Information shown below:

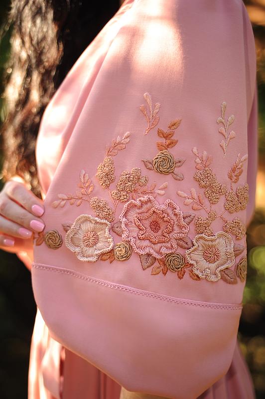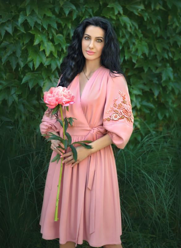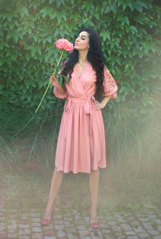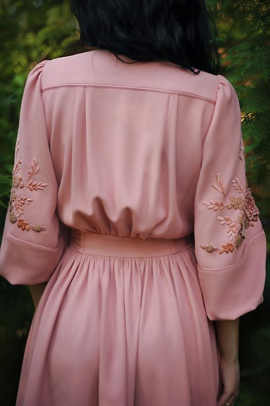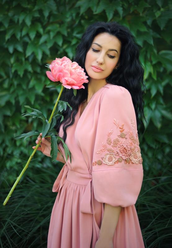 Чарівна сукня з унікальною ручною вишивкою в тон тканини. Тканина виробництва Німеччини – 50% віскоза, 50% бавовна. Тяжка, красиво лягає складками, добре драпірується. Силует сукні підкреслює талію, запах фіксується двома зав'язками. Цікавий крій рукава підкреслено унікальною об'ємною вишивкою ручної роботи. Ідея та ескіз вишивки авторські, аналогів немає. Цілком незвичайна, витончена і благородна сукня для особливих подій, тішить око і приковуює погляди оточуючих. На замовлення у розмірі клієнта – 1,5 міс, кількість повторів обмежена.
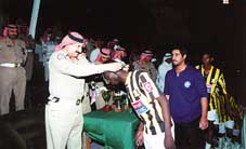 كما قدم مدير عام الشئون الرياضية عبدالمحسن المحرج، درعا تذكاريا لقائد كتيبة الشرطة العسكرية كما قدم ايضا مدير عام الشئون الرياضية المساعد عادل البطي درعا تذكاريا بهذه المناسبة.
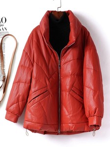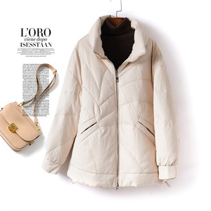 羽绒服女常规立领米白色韩版宽松眞皮外套新款海宁白鸭绒绵羊皮衣
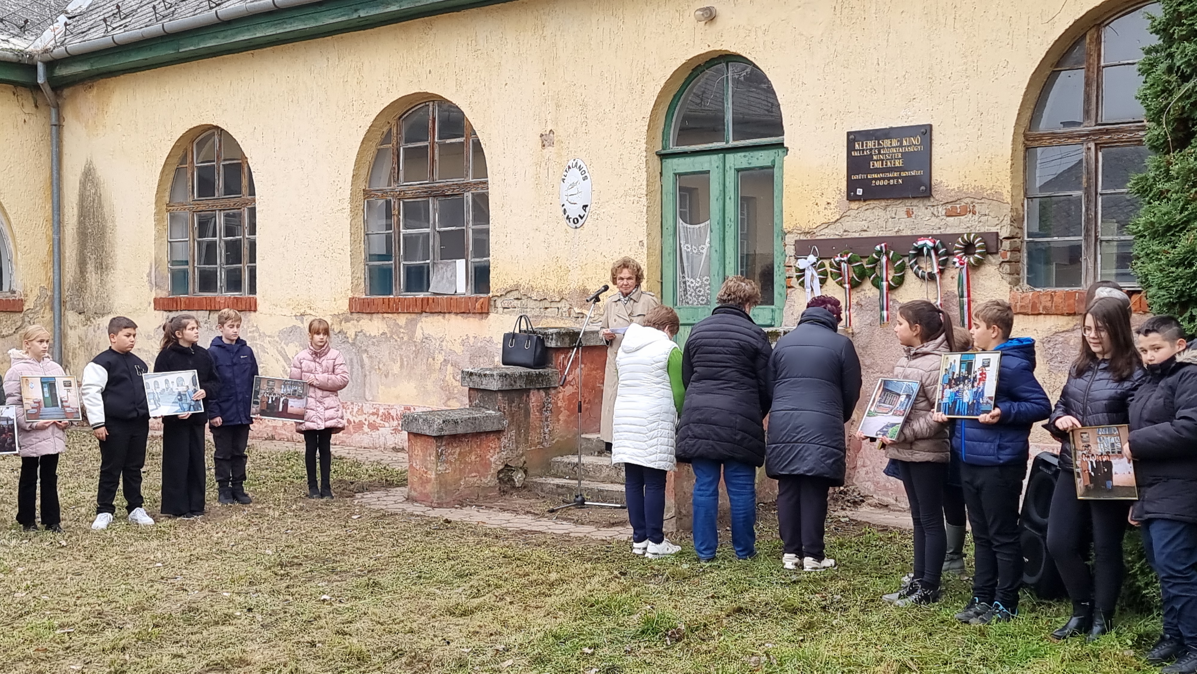 2025.11.11. Klebelsberg Kunó emléktábla koszorúzás és QR-kód felragasztás

End of Information shown.

▶ Work to complete
When copying the data above, repeat every word exactly and drop the pictures.

▶ Solution to this problem
 Чарівна сукня з унікальною ручною вишивкою в тон тканини. Тканина виробництва Німеччини – 50% віскоза, 50% бавовна. Тяжка, красиво лягає складками, добре драпірується. Силует сукні підкреслює талію, запах фіксується двома зав'язками. Цікавий крій рукава підкреслено унікальною об'ємною вишивкою ручної роботи. Ідея та ескіз вишивки авторські, аналогів немає. Цілком незвичайна, витончена і благородна сукня для особливих подій, тішить око і приковуює погляди оточуючих. На замовлення у розмірі клієнта – 1,5 міс, кількість повторів обмежена.
 كما قدم مدير عام الشئون الرياضية عبدالمحسن المحرج، درعا تذكاريا لقائد كتيبة الشرطة العسكرية كما قدم ايضا مدير عام الشئون الرياضية المساعد عادل البطي درعا تذكاريا بهذه المناسبة.
 羽绒服女常规立领米白色韩版宽松眞皮外套新款海宁白鸭绒绵羊皮衣
 2025.11.11. Klebelsberg Kunó emléktábla koszorúzás és QR-kód felragasztás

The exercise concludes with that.